Upscale/Downscale SF Dining: A Tale of Three Bowls

spicy tofu ramen, I can taste it now

spicy tofu ramen, I can taste it now

There are so many good places to eat in San Francisco that it’s almost overwhelming. Can you even get a bad meal? At any price point?

In the course of our longish weekend in the Bay area, our food choices ran the spectrum. We had great breakfast burritos at a divey walk in, next to newly minted interns scrounging to save their pennies. Then later that morning, I was tempted to drop an obscene amount for a cup of real Yemen coffee at Blue Bottle. (I declined).

Since our clocks were off and we found ourselves hungry at off times, we ate mid-afternoon lunches. One afternoon, we waited in line at Hog Island at the Ferry Terminal Building to eat oysters by the platter. And washed it down with crisp, chilled glasses of rose (in my case), beer in G’s. Then back to the hotel to nap.

Another afternoon found us at a hole in the wall ramen place across from a theater. A Michelin-mentioned ramen place, how cool is that? My spicy ramen with seaweed added was great, reinvigorating me for the evening to come.

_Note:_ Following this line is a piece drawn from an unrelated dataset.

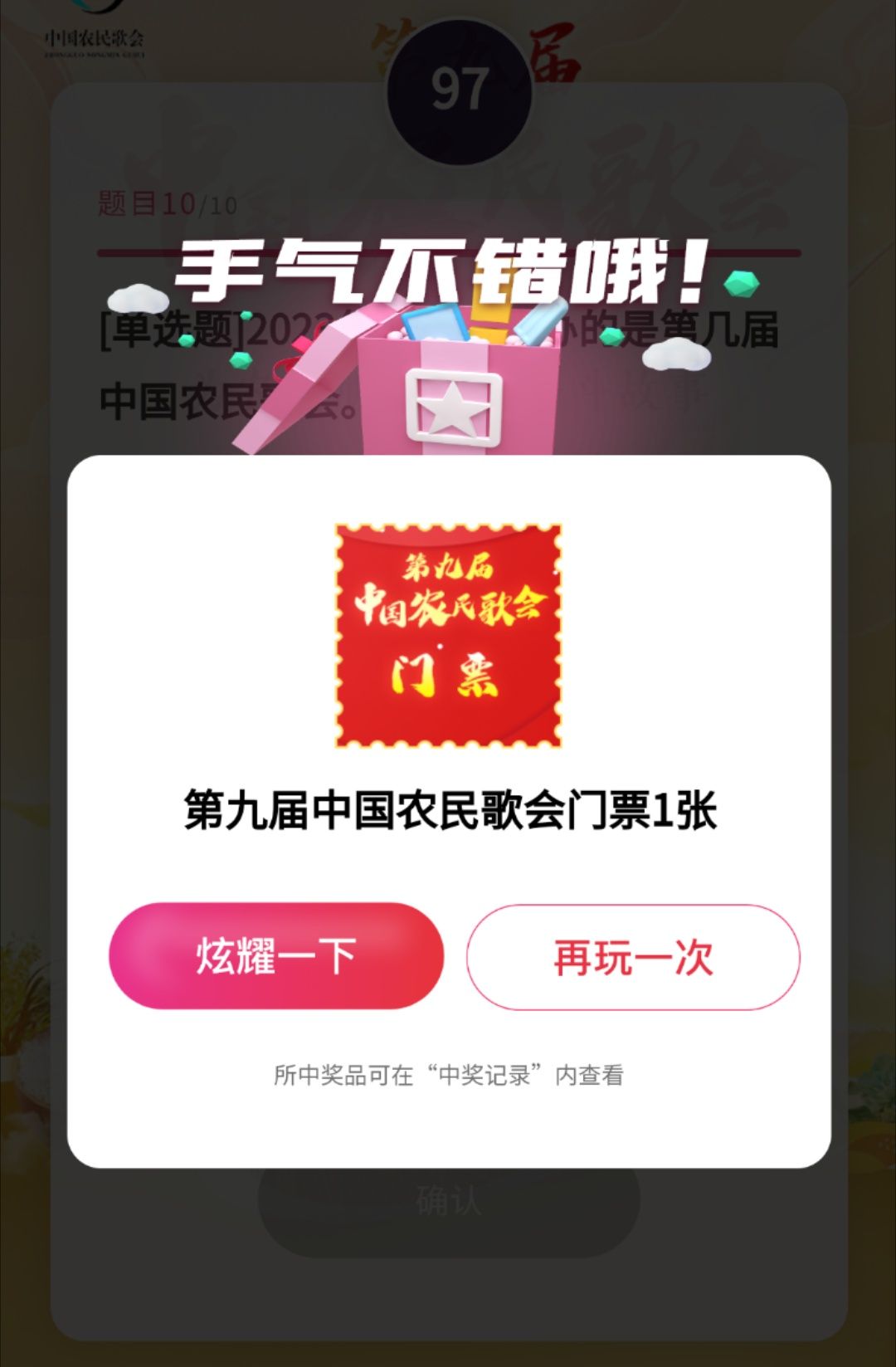 中了农歌会门票是到时候扫码就能进去吗?还是要兑换门票?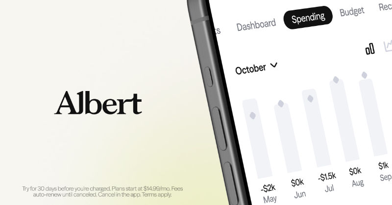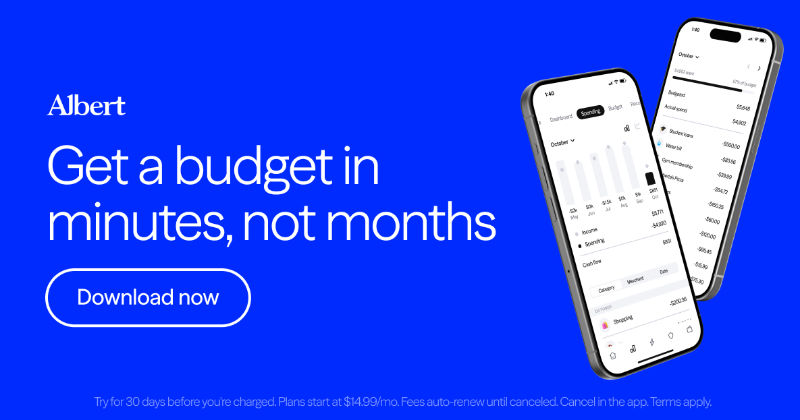 Albert is not a bank. Banking services are provided by Stride Bank, N.A. and Sutton Bank, Members FDIC. Albert plans range from $14.99-$39.99. Try for 30 days before you're charged. Fees auto-renew until canceled. Cancel in the app. Terms apply. Funds in Albert Cash are held at Stride Bank, N.A. or Sutton Bank. Funds in Albert Savings accounts are held at Wells Fargo, N.A. Member FDIC. Cash and Savings account funds are eligible for FDIC insurance up to $250,000 per depositor, per FDIC insured bank, per ownership category and pass-through FDIC insurance is subject to specific conditions being satisfied. Deposit insurance covers the failure of an insured bank. Download to see if you qualify for Albert Instant Advance. Limits start at $25. Not all will qualify and few qualify for $1,000. Transfer fees may apply. See app for repayment terms. No Albert plan required for Instant. Cash back rewards are subject to terms. Albert Investing accounts are not FDIC insured or bank guaranteed and involve the risk of loss, including the loss of principal. Investment advisory services are provided by Albert Investments, LLC. Brokerage services are provided by Albert Securities, LLC, Member FINRA/SIPC.

And is it just me or does ramen seem healthy-ish? I mean it’s just broth, springy noodles and in my case vegetables …. right?

Squid ink pasta, one of my favorites, with

Squid ink pasta, one of my favorites, with biting greens and clams

Toward the other end of the spectrum – toward because there’s ultra high-end in SF –  we had an amazing dinner at Stone’s Throw in Russian Hill, riding through scenic up and down hills on our way there. This squid ink pasta dish tasted of the ocean, with brininess balanced by sharp greens and tender calamari. A wonderful mix of flavors and textures.

Terrific with a zippy white from their fun wine list. I mean, with categories like “Bizarrely Unique” and “Crowd Pleasers” as well as a list of wines the staff drinks on their days off …. I only wish we could have gone back to sample more – of both food and wine.

Word of warning: the bar carries only brewed or fermented beverages, nothing distilled. In other words, no cocktails. Although oddly, I liked that. Sometimes I find cocktails to be too precious in today’s hipster hand-crafted cocktail world. And Stone’s Throw was not that at all; it was laid back, friendly and focused on great food and a wide, sometimes off-the-beaten path, selection of wine and beer to complement the food.

Back near Union Square and the Financial District (or FiDi, as I learned), we decided to try meat-focused Trou Normand. Great, open, airy space. High ceilings, large, comfy U-shaped booths which were good for our group.

tagliatelle with pork bolognese

tagliatelle with pork bolognese

Here, I highly recommend the charcuterie. Half the menu is charcuterie, and we learned the difference between salumi and whole muscle salumi. Salumi being a traditional sausage-style meat; whole muscle referring to meats more in the prosciutto or bresaola style which, now that I think of it, are a thin slice of muscle, mixed with fat. In any case, we devoured a medium platter. Had I been at dinner by myself or just with G, I could easily have just enjoyed the platter and my bottle of Rhone red.

If the charcuterie was inspired, the other dishes were very good. Nothing fancy, just well-made classics. Again, centered on meat.

Our very enthusiastic server, however, cautioned that the portions were generous and tried to warn our friend away from the roasted chicken, which was indeed sizeable. G’s large pork chop looked meager, by comparison. Perhaps looking smaller than it was served steak house style, no accompaniments. The pasta dishes were perfectly sized, particularly for those who had just consumed a variety of charcuterie. So while the portions were smaller (than the meat dishes), they were filling. My pasta bolognese hit the spot, rich and meaty.

So yeah, not a bad meal in SF. No surprise, of course.